There are a variety of ways of giving to charity, some of which are more tax-efficient than others. Here is a short round-up of some of the possibilities.
For company directors, consider making the charitable gift out of the company if the alternative is to make the payment out of your after-tax income. This will allow the company to claim Corporation Tax (CT) relief as a deduction against profits and will, in effect, save the employer’s and employee’s National Insurance Contributions on the payment. Note, however, that there will be no additional recovery of tax by the charity (by the grossing-up of the gift) as there can be in the case of payments made by individual taxpayers.
Remember that to qualify as a charitable donation a gift by a business must be a gift of cash. Gifting non-cash assets or the value of services will not qualify for relief against CT and might in some circumstances have VAT implications. There are a number of more technical exclusions also, so if a proposed gift is part of a larger arrangement of any sort, take advice.
For individuals, gifts of money to charity qualify for income tax relief. Normally, the gift is deemed to have had basic rate tax deducted and additional relief is available for higher rate taxpayers by way of a claim on the giver’s tax return.
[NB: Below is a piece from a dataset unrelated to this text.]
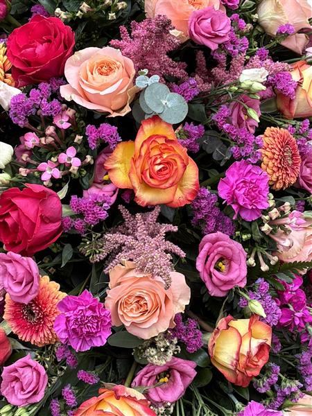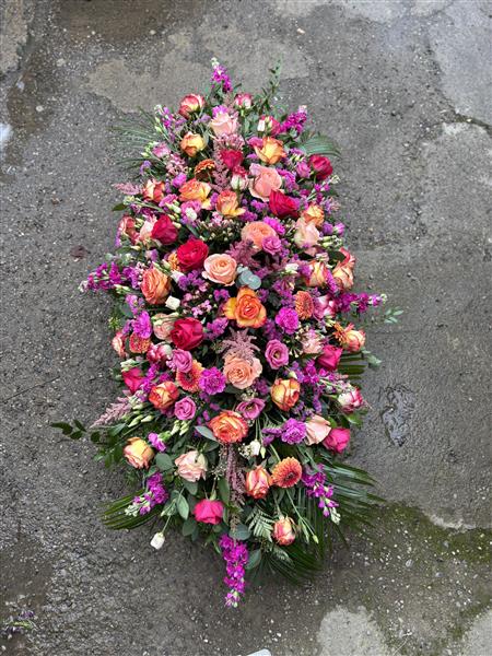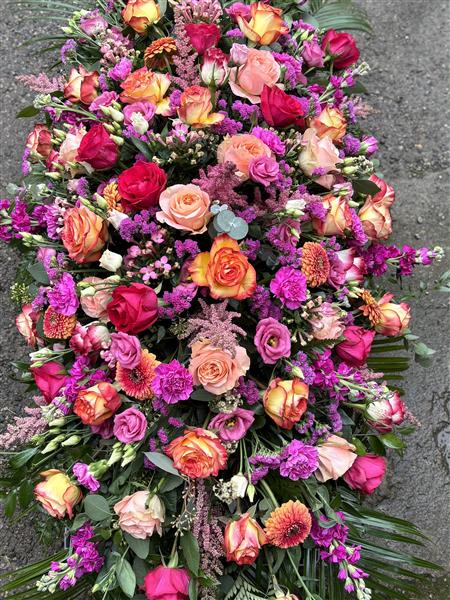 A luxury casket tribute featuring cerise, orange and peach roses. The very best cerise Italian stocks, Astilbe, Bouvardia, accompanied with seasonal greenry. This truly stunning casket is shown in the picture is the large size and would fully fill the casket.

The charity will reclaim the basic rate tax directly if the appropriate documentation is filled out, confirming that the donor is a UK taxpayer.
Gifts to charity in a will attract full Inheritance Tax relief at (currently) 40 per cent. There are pros and cons of either making gifts as a bequest of a specific sum or as a percentage of the residual estate, so if you are considering putting a substantial charitable bequest in your will, it is worth taking professional advice.